Michael Margolis: Myślę, że naturalny autorytet pochodzi z umiejętności mówienia: „Oto, co wiem, albo oto jaki jest mój dar. I wiesz co? Oto gdzie jestem w toku. Oto rzeczy, z którymi też się zmagałem.” A kluczem do tego jest, aby podróż była otwartą pętlą. Zasadniczo zapraszasz ludzi, aby dołączyli do ciebie w rozwijającej się podróży, w przeciwieństwie do powrotu do danych i wniosków, koniec, historia się skończyła. Zawinąłem go w ładną kokardkę. Myślę, że ta zmiana sposobu myślenia jest zmianą paradygmatu, o której wszyscy powinniśmy myśleć, ponieważ musisz zaprosić ludzi do historii, w której jest więcej rozdziałów do napisania, jeśli to ma sens.

John Jantsch: Tak. Tak, tak, tak. Absolutnie. Zostań częścią historii. Tak więc, Michael, dziękuję za odwiedzenie podcastu poświęconego marketingowi taśm klejących, aby porozmawiać o Story 10X. Gdzie ludzie mogą dowiedzieć się więcej o Tobie i Twojej pracy?
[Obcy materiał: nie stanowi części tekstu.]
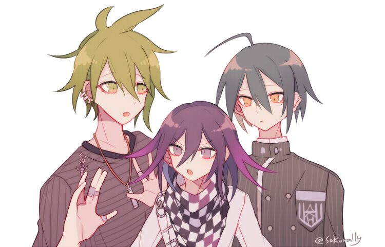 3boysaegyo salahogeannoyedantenna hairblack jacketblack scarfbreast pocketbroochbuttonschaincheckered clothescheckered scarfclosed mouthcollarbonecollared jacketcolored tipscrestdouble-breastedear piercingexpressionlesseyelashesfrownfurrowed browgreen eyesgreen hairgrey hairgrey shirthair between eyeshands upheight differencehigh collarjacketjewelrylong eyelasheslong hairlong hair between eyeslooking at anothermale focusmedium hairmessy hairmulticolored hairmultiple boysmultiple piercingsmultiple ringsopen mouthpendantpiercingpinstripe jacketpinstripe patternpocketpointy nosepurple eyespurple hairringscarfshirtshort hairshort sleevessimple backgroundstriped clothesstriped shirtsurprisedtwitter usernametwo-tone scarfundershirtupper bodyvertical-striped sleeveswhite backgroundwhite jacketwhite scarfyellow eyes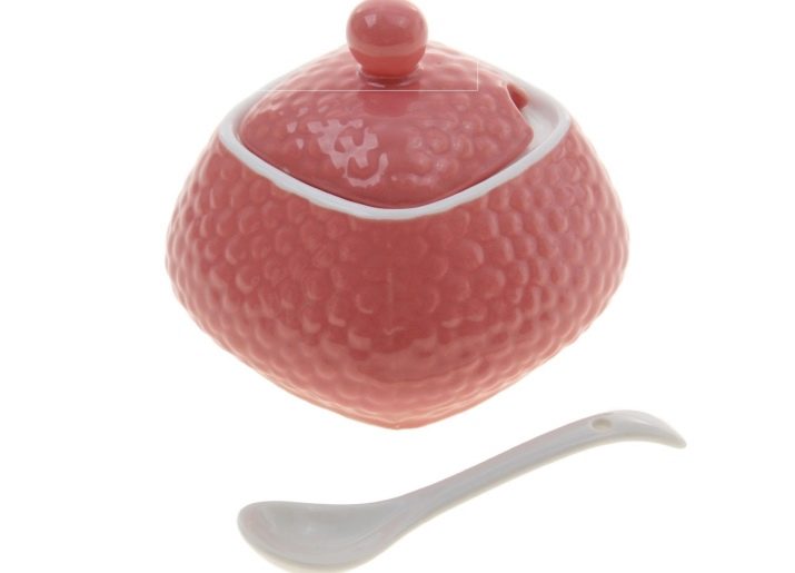 - Set with a spoon and a lid. Such a set has a special spoon “scoop”. Such sugar bowls are good for hygienic reasons. Since you do not need to look for where to put a spoon after use. Such options look harmonious, since both the sugar bowl and spoon are made in the same style and complement each other. But there are also disadvantages in such models - a notch for a spoon can make the model leaky, which means it is unstable to the penetration of odors and moisture.

Michael Margolis: Tak, absolutnie. Możesz więc znaleźć Story 10X na Amazon, Barnes i Noble oraz u wszystkich lokalnych księgarń. Możesz również przejść do naszej strony internetowej, GetStoried.com, czyli GETSTORIED.com. A jeśli przejdziesz do /Story 10X, możesz pobrać pierwsze 70 stron książki. Skontaktuj się ze mną za pośrednictwem mediów społecznościowych. Szczególnie aktywna jestem na LinkedIn. Możesz mnie tam znaleźć, Michael Margolis.

John Jantsch: W porządku. Dzięki, Michaelu. Mam nadzieję, że pewnego dnia wpadniemy na ciebie w trasie.

Michael Margolis: Bardzo bym chciał. Dzięki, John. Naprawdę to doceniam.